In this analysis, 195 Landscape Units (LU) were defined and limited as spaces with their own characteristics or homogeneous areas. These landscape units are established based on the essential factors in the high mountain landscape: geomorphological units, climatic zones, and vegetation cover. In this study, the construction of tailings piles, pyrites, and infrastructure works for the construction phase is modeled over time. An analysis of growth in exposed areas for the years of the construction phase is analyzed. A visual basin study of the construction works in the valley and mountain area is carried out.  We used ArcGIS and Global Mapper SIG software to develop a coupled fragility – quality model to analyze the vulnerability of the natural system to anthropogenic changes. The dynamics of the scenic background are studied as well as the influence of the surrounding landscape on the quality of the visual scene. The study of the landscape must be included in any development project, both to determine its quality against the exercise of certain activities and adopt measures aimed at mitigating and reducing the visual impact for the preservation and protection of the natural system [1].
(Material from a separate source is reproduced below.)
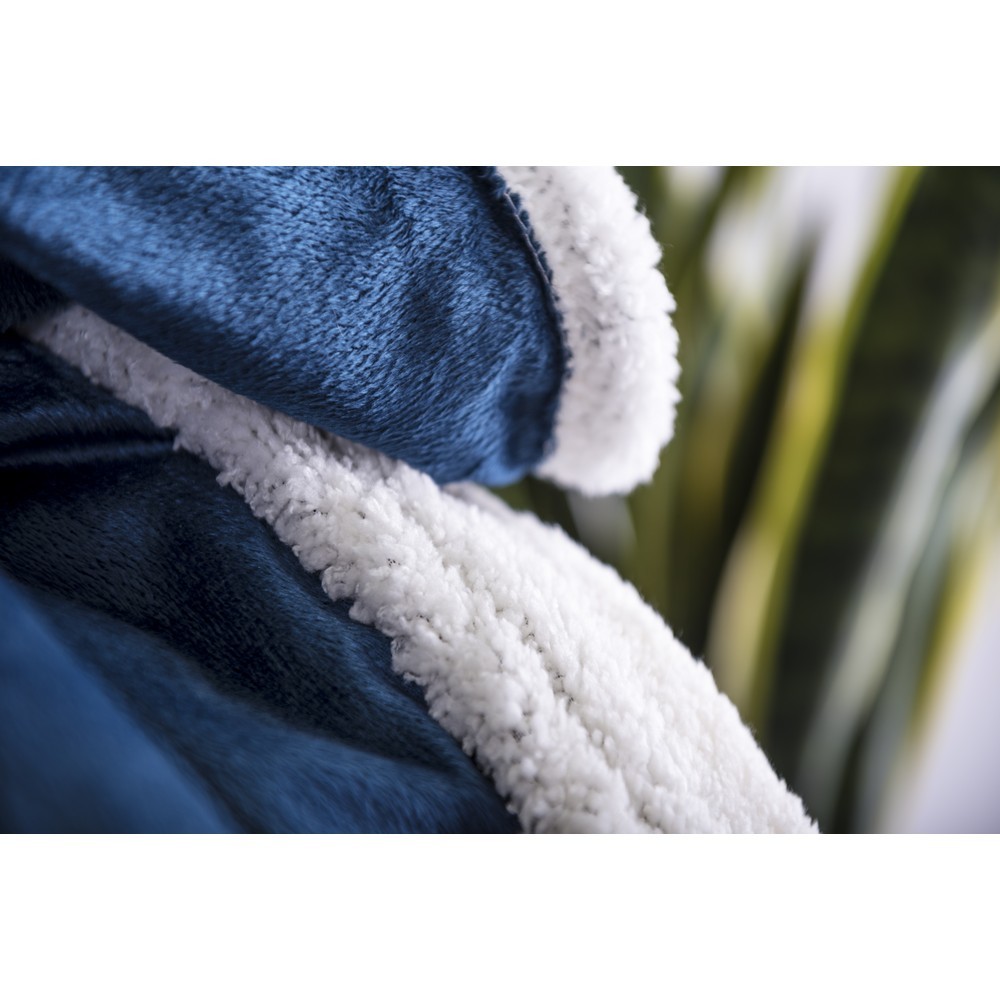 Zewnętrzna część koca jest wykonana z miękkiego polaru typu colar, natomiast druga strona z materiału sherpa o gramaturze 380g/m2.

According to the analysis of the suggested mitigation strategies, 87.99% corresponds to natural strategies (planting of native forest valley zone, Live barrier, revegetating with pasture, revegetating with shrubs, Establishment of native forest in the Mountain area) and the remaining 12.01% corresponds to temporary mitigation measures that reduce the mismatch generated by the infrastructure during execution. The results show that the mitigation strategies established for the most important intercepted areas were 82% successful for the valley area and 75% for the mountain area due to the presence of subduction events. The simulation for the mitigation strategies shows a considerable reduction in the visual impact of the mining project of about 85%.